Mechanismen des Fühlens und Denkens

Wie leitet unser Körper nervliche Reize weiter und wie formieren sich im Gedanken? Forscher sind bei der Aufklärung der Signalübertragung zwischen den Nervenzellen einen wichtigen Schritt weitergekommen. An der Technischen Universität Braunschweig und am Max-Planck-Institut für Biophysikalische Chemie in Göttingen haben sie gemeinsam die Übertragung von Botenstoffen von einer Zelle zur nächsten im Reagensglas nachgestellt und mit einer neuen Methode untersucht. Damit können sie Einflussfaktoren einzelner Biomoleküle genauer als je zuvor bestimmen. Auch die zeitlichen Abläufe der Signalübertragung können mit diesem Verfahren besser verstanden werden. Die Erkenntnisse können hilfreich sein, um zum Beispiel neue Medikamente zu entwickeln, die gezielt Störungen oder Abläufe im Nervensystem beseitigen bzw. beeinflussen oder um neue Ansätze für Schmerzmittel, Psychopharmaka oder Medikamente gegen Krankheiten wie Parkinson oder Alzheimer verfolgen zu können.

Auf die Plätze, fertig, los
… so könnte eine Kurzzusammenfassung der elementaren Vorgänge lauten, die bei der Kommunikation zwischen Nervenzellen auftreten. Für die Übertragung von Signalen zwischen den Zellen sorgen chemische Botenstoffe, genannt Neurotransmitter. Sie sind innerhalb der Nervenzellen in kleinen Bläschen, den Vesikeln, gespeichert. Solche Vesikel schwimmen aber normalerweise frei in der Zelle herum und würden daher viel zu lange brauchen, um die Botenstoffe für die Signalweiterleitung an die Zellwand zu bringen. Daher docken frisch mit Botenstoff gefüllte Nervenvesikel zuvor an die Zellwand an („Auf die Plätze!“), um dort auf den Startschuss für eine Entleerung der Botenstoffe zu warten („fertig!“). Sobald der Startschuss in Form eines chemischen Signals kommt („los!“) reißen die Vesikel zusammen mit der Zellwand auf und schütten sofort Botenstoffe in die Zellumgebung aus.
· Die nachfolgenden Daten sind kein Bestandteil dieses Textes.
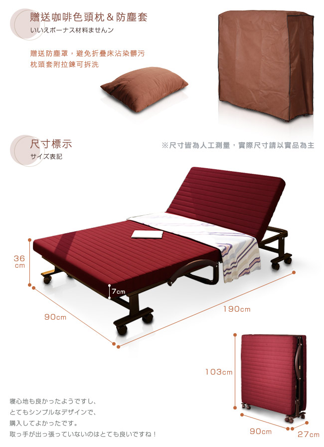6段可調靠背角度,0~85度自由調整,腰背輕鬆減壓。折疊後寬幅27cm,移動輕鬆,不佔空間,可收納於牆邊角落。可拆洗拉鍊式床套,清潔容易,保持居家的乾淨氛圍。雙層泡綿床墊設計,舒適與耐用兩者兼備。床墊加厚7cm,帶來良好的睡眠品質。安全插銷與防夾手設計,在折疊與展開床面時,操作過程更加的安全,防止不慎夾傷。高耐荷重床鋼架、加密鋼網、加厚鍍鋅管,承重力強,經久耐用。貼心贈送咖啡色頭枕,小憩愜意;防塵套避免灰塵沾染,保持床面整潔。

Von den Nachbarzellen werden diese Stoffe dann aufgenommen und erkannt. Das Andocken in die „Startposition“ ist daher von elementarer Wichtigkeit, damit das Denken und Fühlen schnell und effizient ablaufen kann. Da es aber bisher sehr schwer war, diesen Zwischenzustand kurz vor dem Startschuss zu beobachten, war bisher unbekannt, wie der Startschuss genau aussieht und kontrolliert wird.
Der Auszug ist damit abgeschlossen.